▶ **What is needed**: In the listing below, find the line containing "장성군이 내년도 국비" and the line containing "WITH additional RV", then copy exactly everything from the first through the second, except the pictures.

▶ **Records for the exercise**:
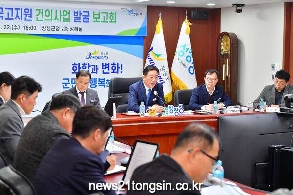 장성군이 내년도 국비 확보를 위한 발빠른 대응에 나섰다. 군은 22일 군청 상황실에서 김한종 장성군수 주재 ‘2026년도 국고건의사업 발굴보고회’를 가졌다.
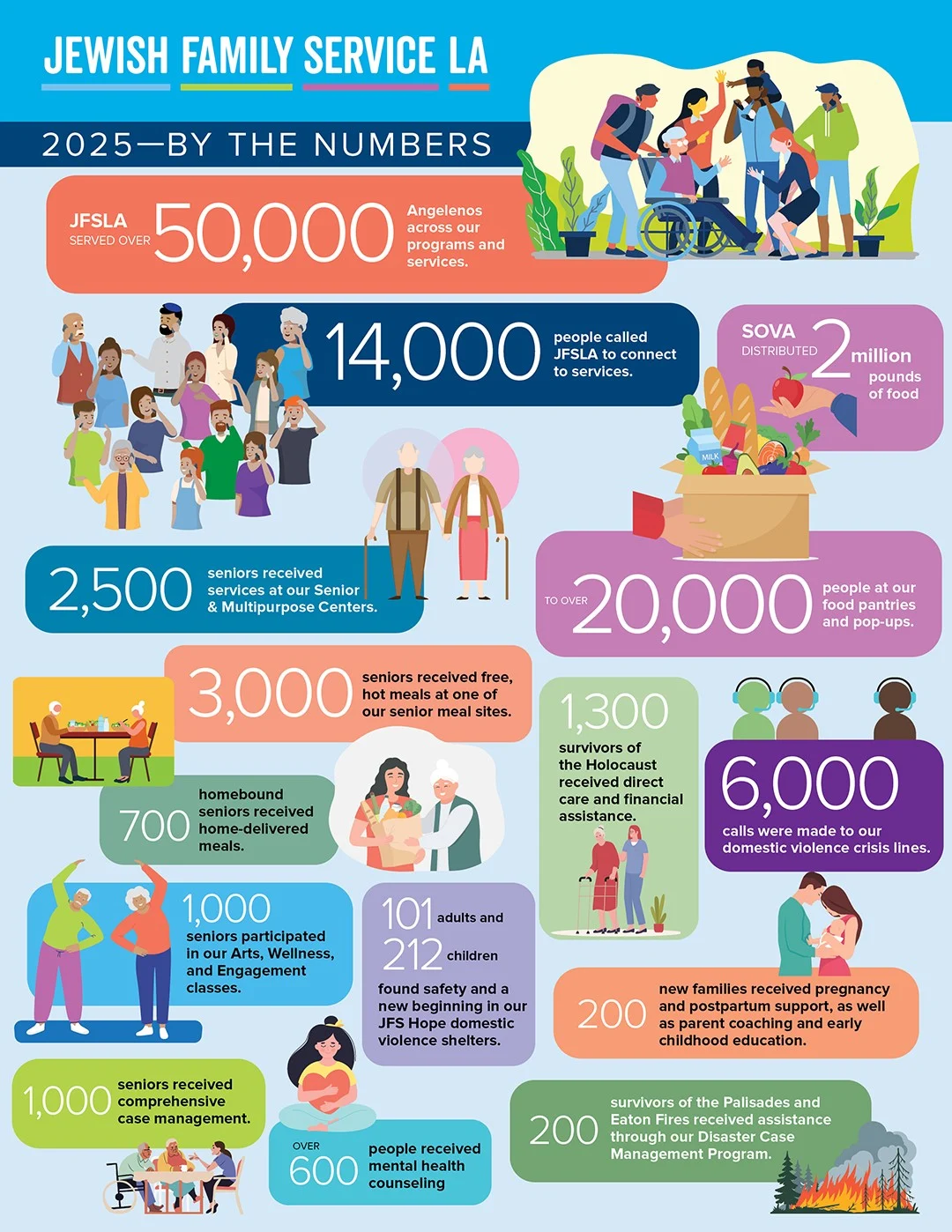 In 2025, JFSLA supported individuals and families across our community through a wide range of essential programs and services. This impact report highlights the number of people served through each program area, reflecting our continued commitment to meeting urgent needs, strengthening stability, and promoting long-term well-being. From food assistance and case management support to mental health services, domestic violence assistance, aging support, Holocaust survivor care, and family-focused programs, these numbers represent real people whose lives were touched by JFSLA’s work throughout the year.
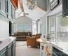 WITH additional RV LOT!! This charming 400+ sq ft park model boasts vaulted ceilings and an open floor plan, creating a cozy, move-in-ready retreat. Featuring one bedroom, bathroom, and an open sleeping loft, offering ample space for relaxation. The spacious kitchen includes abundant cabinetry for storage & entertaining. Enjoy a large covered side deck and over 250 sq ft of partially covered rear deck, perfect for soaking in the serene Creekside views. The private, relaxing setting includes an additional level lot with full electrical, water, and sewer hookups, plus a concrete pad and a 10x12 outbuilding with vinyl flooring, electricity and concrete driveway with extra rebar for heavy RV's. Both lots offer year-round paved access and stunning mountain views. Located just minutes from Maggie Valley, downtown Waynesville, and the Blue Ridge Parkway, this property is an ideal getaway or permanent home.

--

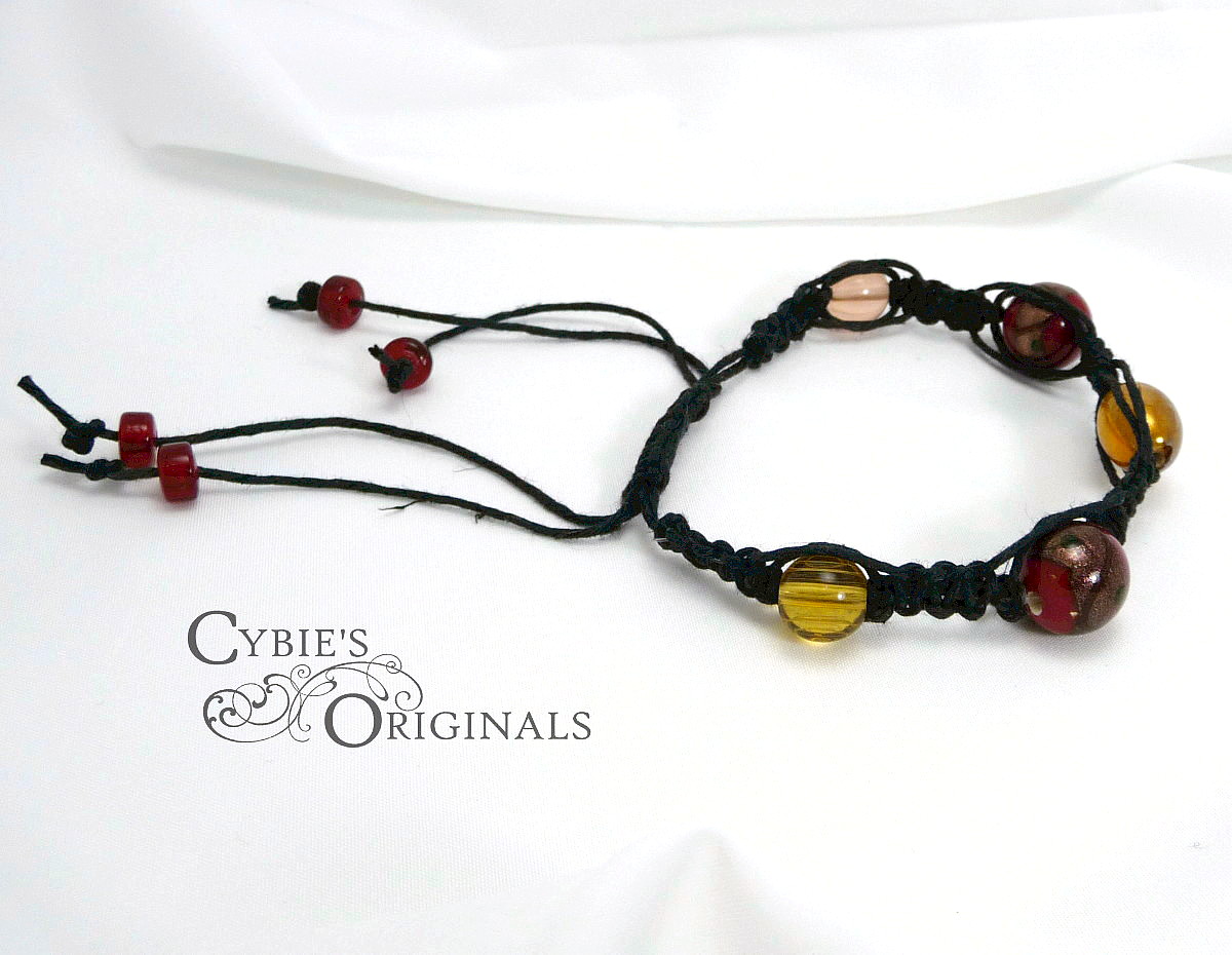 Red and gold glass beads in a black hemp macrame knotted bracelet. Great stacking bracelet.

▶ **Output below**:
 장성군이 내년도 국비 확보를 위한 발빠른 대응에 나섰다. 군은 22일 군청 상황실에서 김한종 장성군수 주재 ‘2026년도 국고건의사업 발굴보고회’를 가졌다.
 In 2025, JFSLA supported individuals and families across our community through a wide range of essential programs and services. This impact report highlights the number of people served through each program area, reflecting our continued commitment to meeting urgent needs, strengthening stability, and promoting long-term well-being. From food assistance and case management support to mental health services, domestic violence assistance, aging support, Holocaust survivor care, and family-focused programs, these numbers represent real people whose lives were touched by JFSLA’s work throughout the year.
 WITH additional RV LOT!! This charming 400+ sq ft park model boasts vaulted ceilings and an open floor plan, creating a cozy, move-in-ready retreat. Featuring one bedroom, bathroom, and an open sleeping loft, offering ample space for relaxation. The spacious kitchen includes abundant cabinetry for storage & entertaining. Enjoy a large covered side deck and over 250 sq ft of partially covered rear deck, perfect for soaking in the serene Creekside views. The private, relaxing setting includes an additional level lot with full electrical, water, and sewer hookups, plus a concrete pad and a 10x12 outbuilding with vinyl flooring, electricity and concrete driveway with extra rebar for heavy RV's. Both lots offer year-round paved access and stunning mountain views. Located just minutes from Maggie Valley, downtown Waynesville, and the Blue Ridge Parkway, this property is an ideal getaway or permanent home.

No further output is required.